Stored data
------------------------------------------------------------

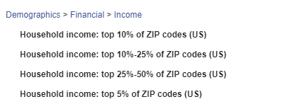 Household income by ZIP code is an addition that can help qualify your audience even further
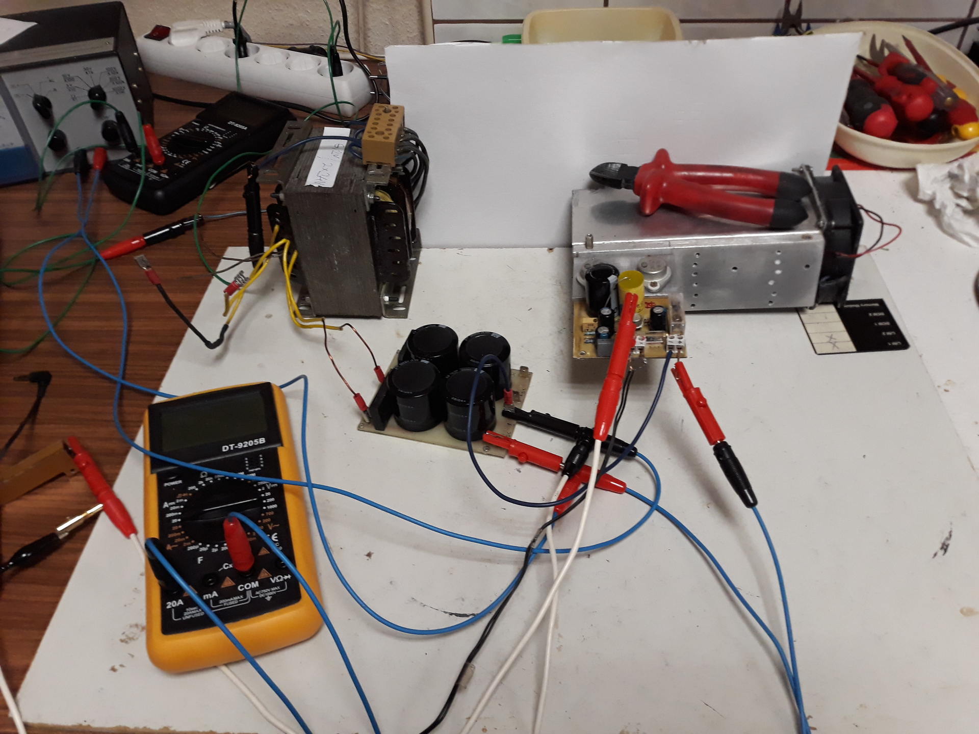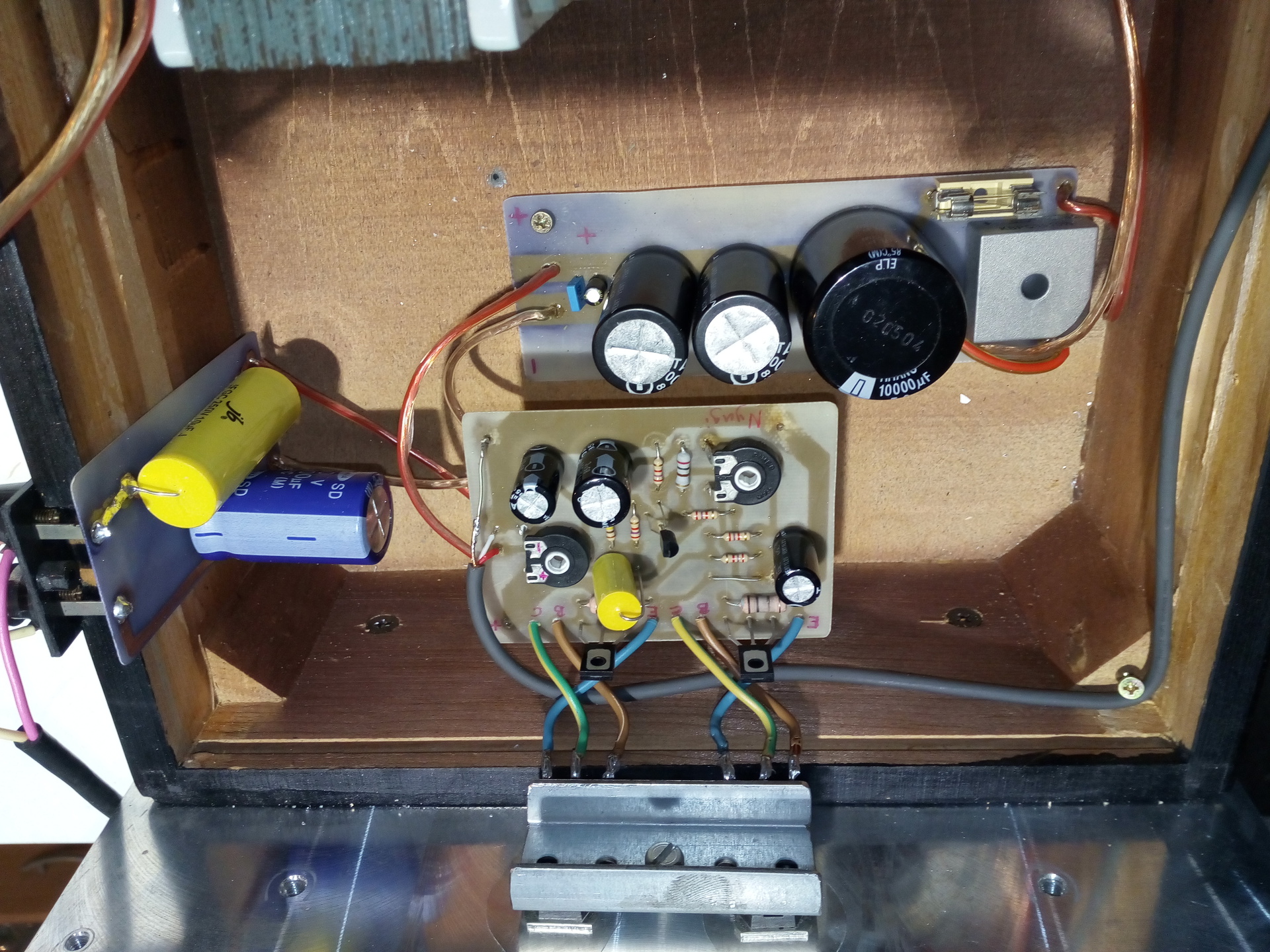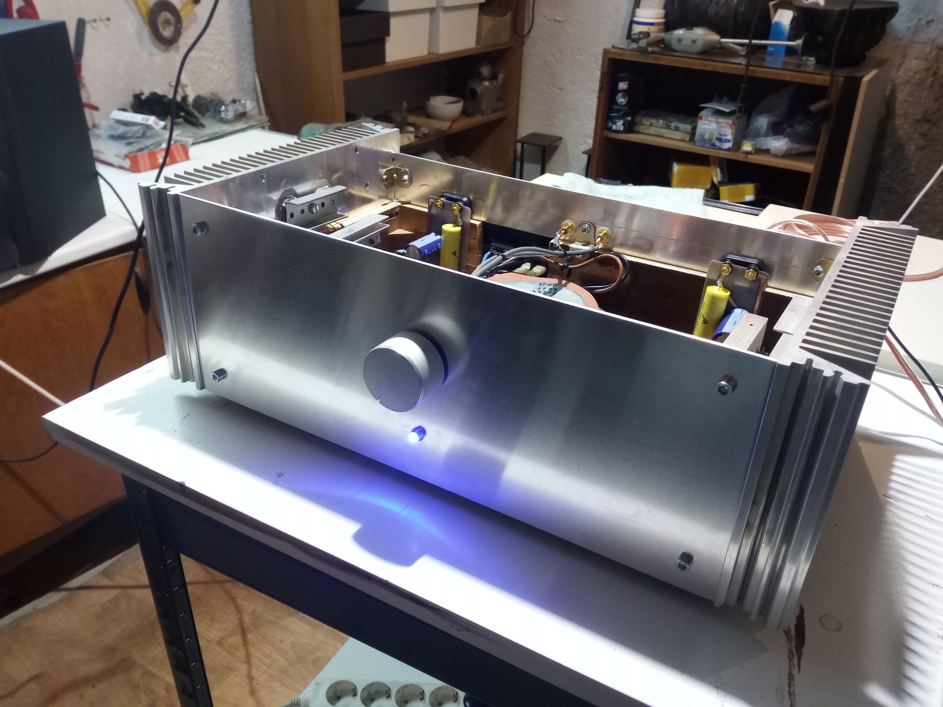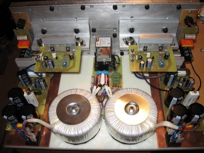 Itt tartok. Szólt egy órát, állítgattam a nyug áramot, fél tápfeszt. 24 voltról megy 1,7A körül. Fűt így is rendesen, de azért majd veszek bele trafót, meg vmi hűtést az egyenirányítókra. Van még sokminden tenni való, de az alap megvan. Egyetlen probléma, hogy búg. Nem veszélyes, de zavaró.
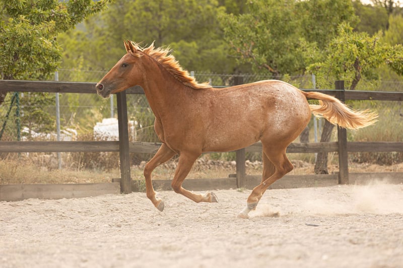 ✨ ARIZONA - Potra con alma de compañera y un corazón enorme ✨ Te presentamos a Arizona, una joven yegua nacida en marzo de 2023, cruce de Appaloosa con sangre KWPN y Española. Con pasaporte español y posibilidad de inscripción en el registro auxiliar de ANCADES (Caballo de Deporte Español). Arizona destaca por su carácter profundamente humano. Es extremadamente cariñosa, curiosa, cercana, y le encanta estar con las personas. Le gusta ser el centro de atención y disfruta de la interacción constante, siempre con esa energía positiva que conquista desde el primer momento. Está empezando a explorar el mundo de manera suave y respetuosa. Conoce los básicos: • Se deja cepillar y duchar sin problema • Da correctamente los cascos • Se comporta perfectamente con el podólogo equino (visita cada 6 semanas) • Está desparasitada y vacunada • Se ata con tranquilidad • Sabe dar cuerda y escucha los comandos a la voz. • Sale a pasear del ramal por el bosque Como todos nuestros caballos, Arizona ha sido criada en un entorno donde priorizamos el respeto, la confianza y el bienestar emocional. Nuestra doma comienza desde el suelo, creando un vínculo real entre caballo y persona. Alimentación natural y completa: • Heno a libre disposición 24h • Alfalfa • Cobs de hierbas de los Alpes • Mash • Mezcla de copos de cereales variados Su pelaje rojo tostado y sus crines rubias le dan una belleza muy especial, pero lo que realmente enamora es su forma de mirar, su cercanía, y sus ganas de compartir tiempo contigo. Arizona es perfecta para alguien que quiera comenzar una historia desde el principio: con calma, con amor, y con la ilusión de construir una relación sana y profunda. Si quieres conocerla mejor, contáctanos por teléfono o WhatsApp. Estaremos encantados de darte más información, fotos o vídeos

------------------------------------------------------------

Task statement
Starting at the first line of the material, output exactly the lines up to and including the one with "Itt tartok. Szólt". Do not include the pictures.

Answer below
 Household income by ZIP code is an addition that can help qualify your audience even further
 Itt tartok. Szólt egy órát, állítgattam a nyug áramot, fél tápfeszt. 24 voltról megy 1,7A körül. Fűt így is rendesen, de azért majd veszek bele trafót, meg vmi hűtést az egyenirányítókra. Van még sokminden tenni való, de az alap megvan. Egyetlen probléma, hogy búg. Nem veszélyes, de zavaró.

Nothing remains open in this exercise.